_Instructions for the task_: Pictures excluded, reproduce exactly the lines below from the one with "元神先生:入れている素材によ" through the one with "No matter how", both included.

_Data shown_:
◆ ◆ ◆

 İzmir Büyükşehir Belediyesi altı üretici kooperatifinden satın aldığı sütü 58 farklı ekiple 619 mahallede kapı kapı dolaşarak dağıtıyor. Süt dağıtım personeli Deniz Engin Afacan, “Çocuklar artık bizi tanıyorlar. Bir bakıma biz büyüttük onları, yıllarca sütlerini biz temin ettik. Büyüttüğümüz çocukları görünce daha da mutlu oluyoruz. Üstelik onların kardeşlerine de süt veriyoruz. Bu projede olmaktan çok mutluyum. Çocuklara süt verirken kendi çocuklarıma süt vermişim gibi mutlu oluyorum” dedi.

◆ ◆ ◆

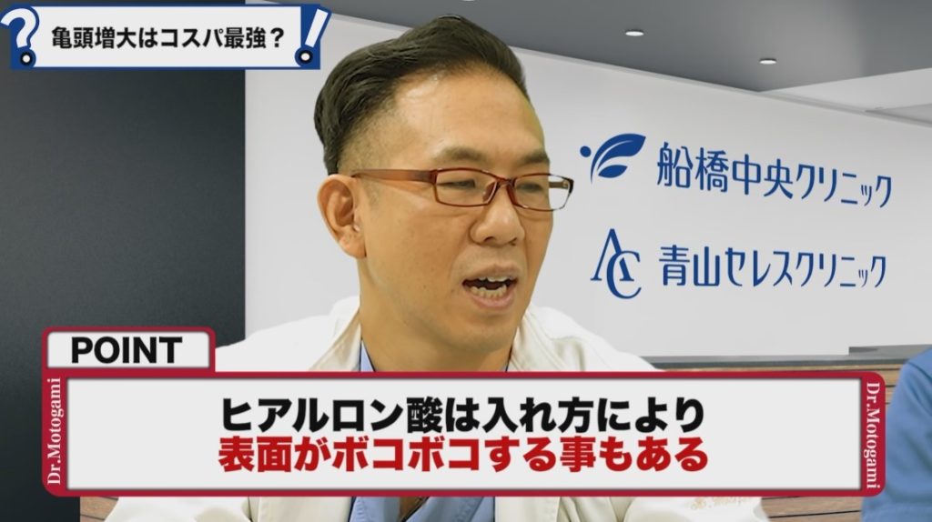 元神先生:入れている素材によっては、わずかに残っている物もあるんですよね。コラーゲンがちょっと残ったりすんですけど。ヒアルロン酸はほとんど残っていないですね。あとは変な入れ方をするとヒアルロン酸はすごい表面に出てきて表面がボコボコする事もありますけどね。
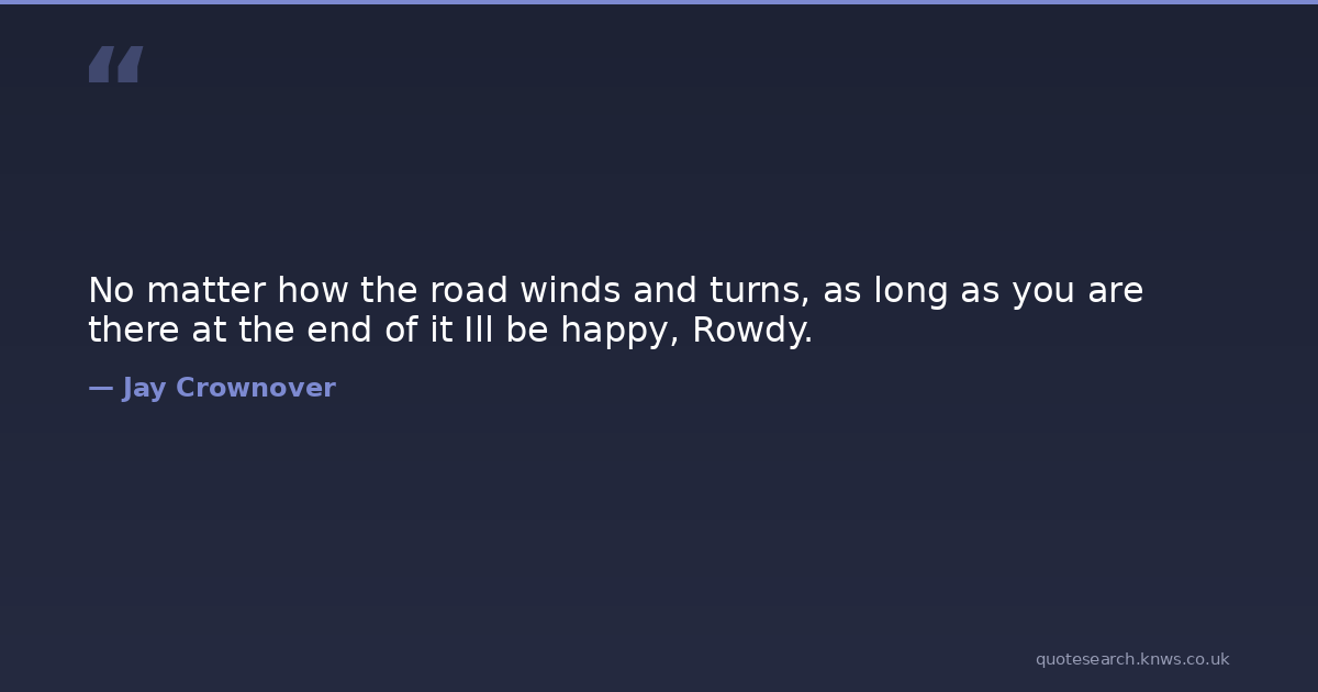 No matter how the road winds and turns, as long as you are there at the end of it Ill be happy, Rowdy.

◆ ◆ ◆

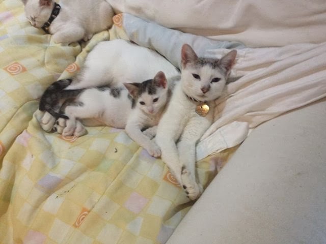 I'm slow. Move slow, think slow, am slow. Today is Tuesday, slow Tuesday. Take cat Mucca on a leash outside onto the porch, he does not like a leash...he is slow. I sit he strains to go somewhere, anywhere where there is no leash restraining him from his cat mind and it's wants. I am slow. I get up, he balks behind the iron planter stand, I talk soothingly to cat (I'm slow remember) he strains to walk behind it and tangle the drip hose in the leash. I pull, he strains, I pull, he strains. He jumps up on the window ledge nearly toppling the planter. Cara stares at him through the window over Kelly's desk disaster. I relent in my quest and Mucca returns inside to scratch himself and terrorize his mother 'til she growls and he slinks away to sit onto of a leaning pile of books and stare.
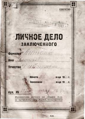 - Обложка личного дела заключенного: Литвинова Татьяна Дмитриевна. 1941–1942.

◆ ◆ ◆

_Exercise solution_:
 元神先生:入れている素材によっては、わずかに残っている物もあるんですよね。コラーゲンがちょっと残ったりすんですけど。ヒアルロン酸はほとんど残っていないですね。あとは変な入れ方をするとヒアルロン酸はすごい表面に出てきて表面がボコボコする事もありますけどね。
 No matter how the road winds and turns, as long as you are there at the end of it Ill be happy, Rowdy.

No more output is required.